HPC System Engineer

Clearance Level
None
Category
Systems Engineering
Location
Bethesda, Maryland

REQ#: RQ57549

Travel Required: None
Public Trust: NACI (T1)
Requisition Type: Regular

GDIT supports the world’s largest supercomputer dedicated to life sciences and biomedical research. We are looking to expand our NIH onsite High Performance Computing (HPC) support with individuals who can also contribute to GDIT’s HPC Center of Excellence across programs in NIH, NOAA, NASA, Defense and Intelligence communities.

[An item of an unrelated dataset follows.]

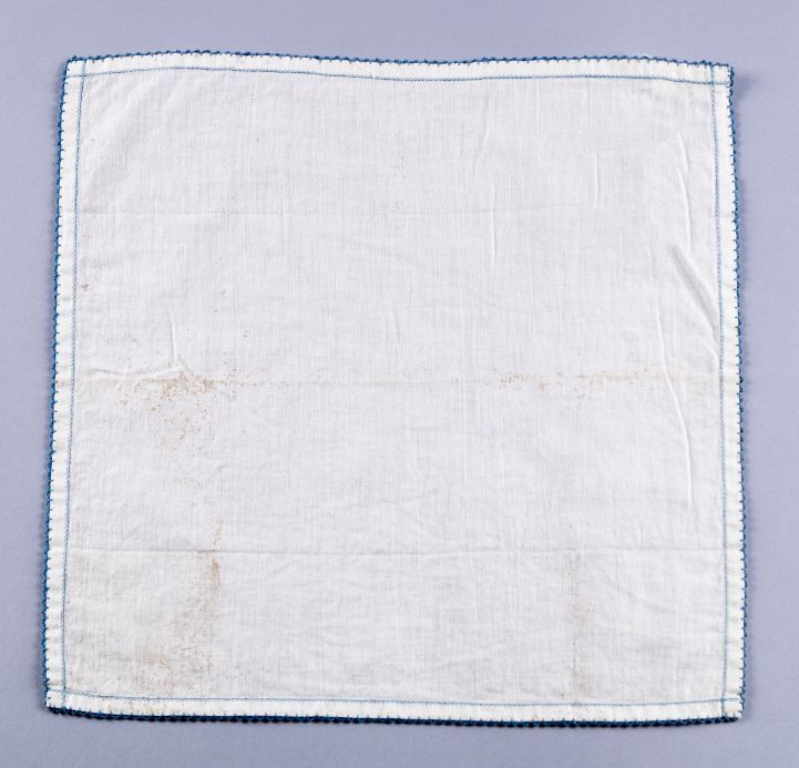 Zakdoek van wit katoen met blauw gehaakt randje en open blauw zoompje

We are looking for an experienced individual with a strong Linux background, configuration management, user account management, systems automation and network monitoring to join our team to administer the NIH Biowulf supercomputer. The position is full-time onsite at the NIH main campus in Bethesda, Maryland.

RESPONSIBILITIES & DUTIES:

This position supports the HPC systems administrative team in operating and maintaining the 4,000 node Linux cluster for ~2,500 biomedical researchers. Specific responsibilities include:

  • Work with systems staff to enhance our Configuration Management infrastructure
  • Evaluate performance impacts of planned operating system changes
  • Update and expand existing systems monitoring capabilities
  • Develop automation tools for cluster administration
  • Maintain account management procedures to support growing number of NIH researchers
  • Provide technical support to researchers using HPC resources, troubleshoot problems and develop appropriate computational strategies
  • Consult and collaborate with scientist co-workers to determine best system configurations for applications

REQUIRED QUALIFICATIONS:

  • BS or equivalent and five years experience
  • Minimum of five years RedHat or CentOS Linux system administration experience in an HPC environment.
  • Minimum of three years scripting experience with Bash, Perl or Python
  • Prior experience with configuration management tools, such as Ansible, Chef, Puppet, Cobbler
  • Ability to configure, deploy and manage a major system area, such as batch system, network, data storage, backup system, database system, or distributed computing
  • Ability to obtain a NIH Public Trust

PREFERRED QUALIFICATIONS:

  • Experience with batch systems, such as SLURM or PBS
  • Experience managing parallel and cluster file systems, such as NFS, GPFS, or Lustre
  • Network management experience especially Infiniband
  • Experience presenting and/or teaching

ATTRIBUTES FOR SUCCESS:

  • Provide technical expertise to improve HPC cluster management, performance, and resiliency
  • Ability to work both independently and as part of the team; flexibility in dealing with assignments and in working on several projects simultaneously
  • Ability to effectively communicate with people of diverse backgrounds and computer knowledge

SUMMARY:

  • The position is full-time onsite at the NIH main campus in Bethesda, Maryland.
  • Limited off-hour system maintenance activities will be planned in advance
  • There are no travel requirements.
  • Applicants must be US citizen to meet moderate level security requirement of facility.

#GDITpriority

We are GDIT. The people supporting some of the most complex government, defense, and intelligence projects across the country. We deliver. Bringing the expertise needed to understand and advance critical missions. We transform. Shifting the ways clients invest in, integrate, and innovate technology solutions. We ensure today is safe and tomorrow is smarter. We are there. On the ground, beside our clients, in the lab, and everywhere in between. Offering the technology transformations, strategy, and mission services needed to get the job done.

GDIT is an Equal Opportunity/Affirmative Action employer. All qualified applicants will receive consideration for employment without regard to race, color, religion, sex, sexual orientation, gender identity, national origin, disability, or veteran status, or any other protected class.